How do I find all pixels within a circular region on the sky?
Use hp.query_disc(nside, vec, radius) where vec is a 3D unit vector pointing to the center (created with hp.ang2vec) and radius is in radians. For example, to find pixels within 5 degrees of (RA=180, Dec=45): vec = hp.ang2vec(np.radians(90-45), np.radians(180)), then ipix = hp.query_disc(nside, vec, np.radians(5)).
What is MOC and how does it relate to HEALPix?
MOC (Multi-Order Coverage) is a representation built on HEALPix that describes arbitrary sky regions using pixels at multiple Nside resolutions. It is used by the IVOA (International Virtual Observatory Alliance) to efficiently describe survey footprints, observation coverage, and catalog spatial extents. The mocpy Python library provides MOC creation from cones, HEALPix cells, and polygons.
How do I process a LIGO/Virgo gravitational wave skymap?
Read the probability map with hp.read_map("bayestar.fits.gz"), visualize with hp.mollview(prob), and compute the 90% credible region by sorting pixel probabilities in descending order, computing the cumulative sum, and counting pixels above the threshold. Multiply the pixel count by hp.nside2pixarea(nside, degrees=True) to get the area in square degrees.

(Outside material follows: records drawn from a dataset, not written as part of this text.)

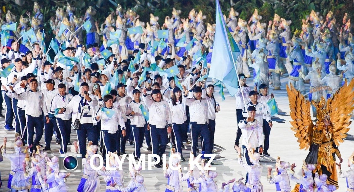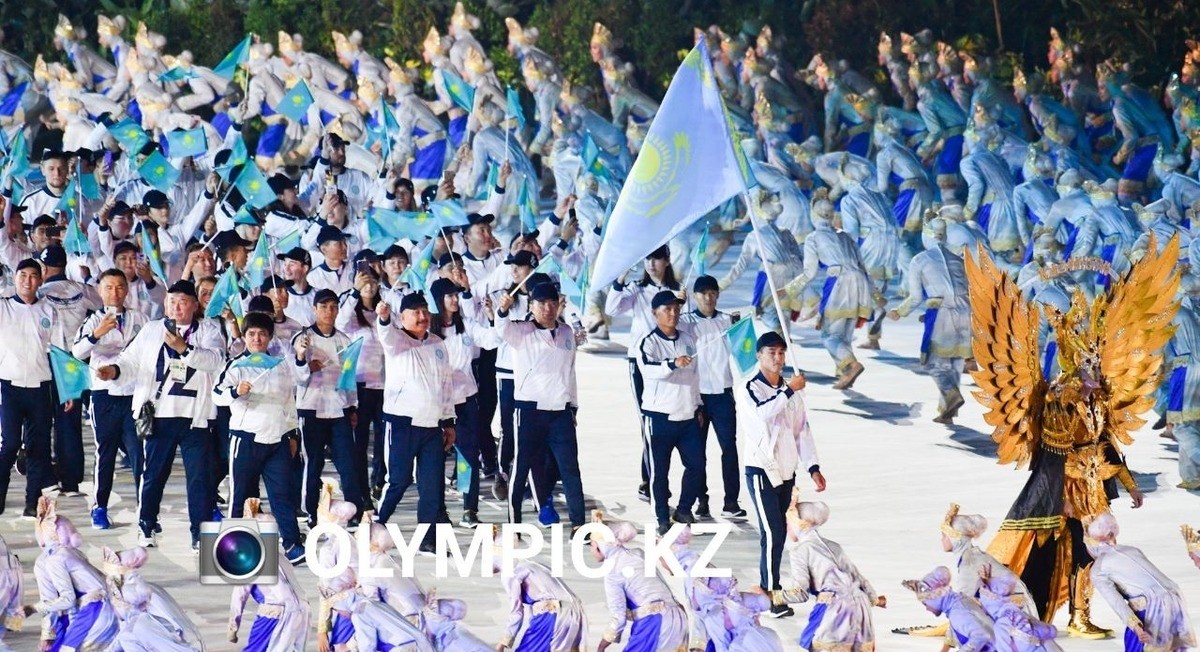وسىدان كەيىن جارىسقا قاتىساتىن ەلدەردىڭ سپورتشىلارى ساپ تۇزەپ, كەزەك-كەزەگىمەن ستاديوننىڭ الاڭىن اينالىپ ءجۇرىپ ءوتتى. ءبىزدىڭ ەلدىڭ دەلەگاتسياسى 15-ءشى بولىپ شىقتى. ال مەملەكەتتىك تۋىمىزدى بوكستان الەم چەمپيوناتىنىڭ كۇمىس جۇلدەگەرى امانقۇل ءابىلحان ۇستاپ ءجۇردى. وسىدان ءتورت جىل بۇرىن وڭتۇستىك كورەيانىڭ ينچحون قالاسىندا وتكەن ازيادادا بوكستان وليمپيا ويىندارى جəنە əلەم چەمپيوناتىنىڭ كۇمىس جۇلدەگەرى Əدىلبەك نيازىمبەتوۆ الىپ جۇرگەن-ءدى. وسىلايشا, قاتارىنان ەكى ازيا ويىندارىندا كوك تۋىمىزدى ۇستاپ شىعۋ بوكسشىلارىمىزعا بۇيىرىپ وتىر.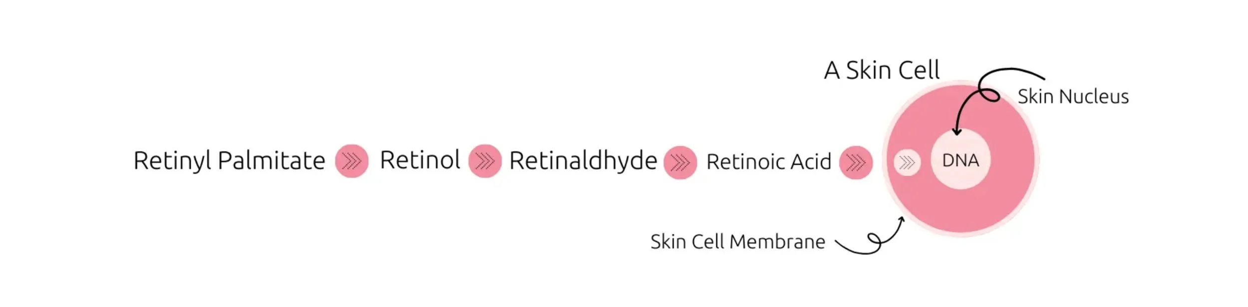 Retinyl palmitate is a gentle form of vitamin A. When you apply it to your skin, your body slowly converts it into retinol, then into retinaldehyde, and finally into retinoic acid—which is the active form, that actually works on your skin.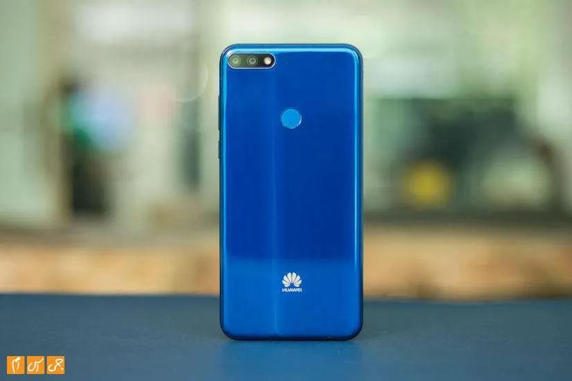 در قاب پشتی دستگاه دو دوربین در غلافی فلزی در سمت چپ و بالا قرار دارند که فلاش LED هم کنارشان است. میکروفون دوم Y7 Prime 2018 هم کنار دوربینها و البته خارج از غلاف روی قاب پشتی دیده میشود. کمی پایینتر سنسور اثرانگشت با طراحی دایرهای شکل خودش دیده میشود که کمی از سطح قاب پشتی پایینتر قرار دارد تا کاربر با لمس بهراحتی بتواند آن را پیدا کند. در انتهای قاب پشتی هم لوگو و نام هوآوی حک شده است که رنگی متمایز با رنگ قاب دارد و بهخوبی خودش را نشان میدهد.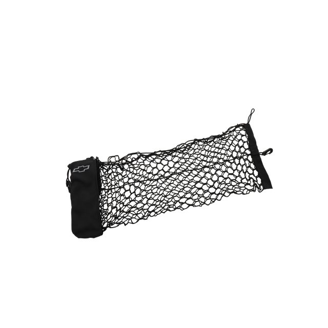 Secure items of various shapes and sizes in the cargo area of your vehicle with this Chevrolet Accessories Cargo Net. This useful cargo carrier attaches easily to the sides of the vehicle in the cargo area and helps prevent small items placed inside it from shifting while in transit or contained while opening and closing your liftgate. It can be conveniently stored in the integrated storage bag featuring the Bowtie logo when not in use. Includes one net to help protect items in the rear cargo area of your vehicle.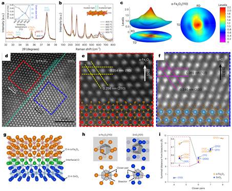 图1 a–c, 生长于FTO衬底上α-Fe2O3薄膜的X射线衍射图谱(a)、Raman谱(b)和α-Fe2O3 (110)晶面的X射线极图(c);d–f, α-Fe2O3/FTO界面的高角环形暗场像(d)及其α-Fe2O3侧的局部放大图(e)和FTO侧的局部放大图(f);g–i, 凸显氧原子亚晶格的α-Fe2O3/SnO2界面原子模型(g),α-Fe2O3和SnO2中氧原子亚晶格的Voronoi胞及其与特定晶面相交的特征量示意图(h),这些特征量的分布图(i)。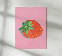 Un'affascinante illustrazione di una persona che indossa un costume da fragola con un'espressione simpatica.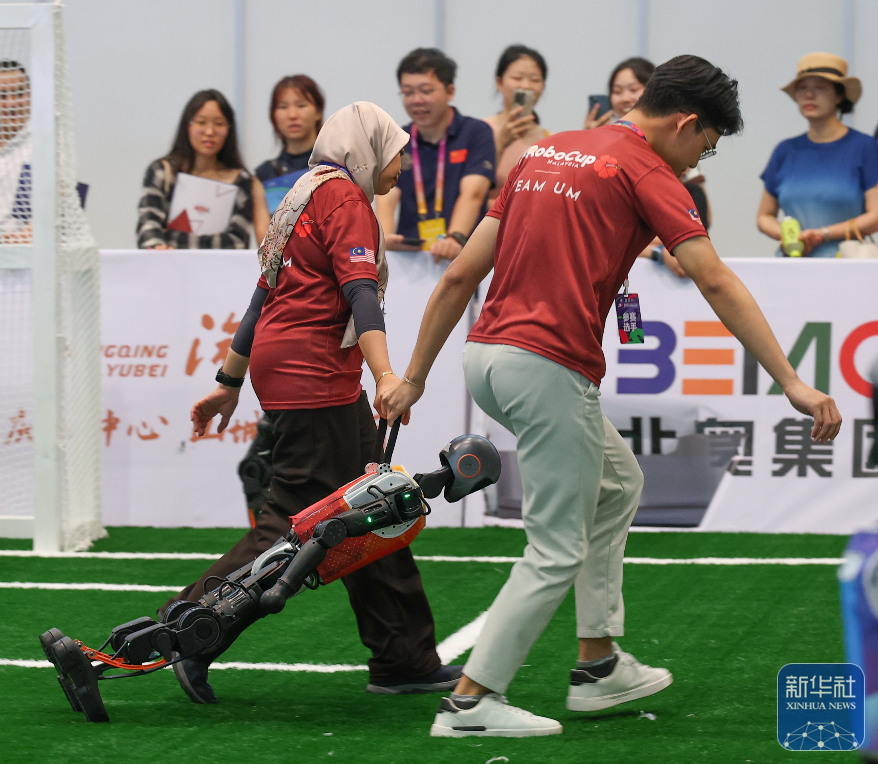 ↑ 9月5日,在机器人3V3足球赛中,工作人员将故障机器人抬出场外。

How do I smooth a HEALPix map with a Gaussian beam?
Use hp.smoothing(skymap, fwhm=np.radians(1.0)) where fwhm is the full-width-at-half-maximum of the Gaussian beam in radians. For example, np.radians(1.0) applies a 1-degree beam. This is commonly used to degrade angular resolution for comparison between maps at different resolutions or to suppress noise at small angular scales.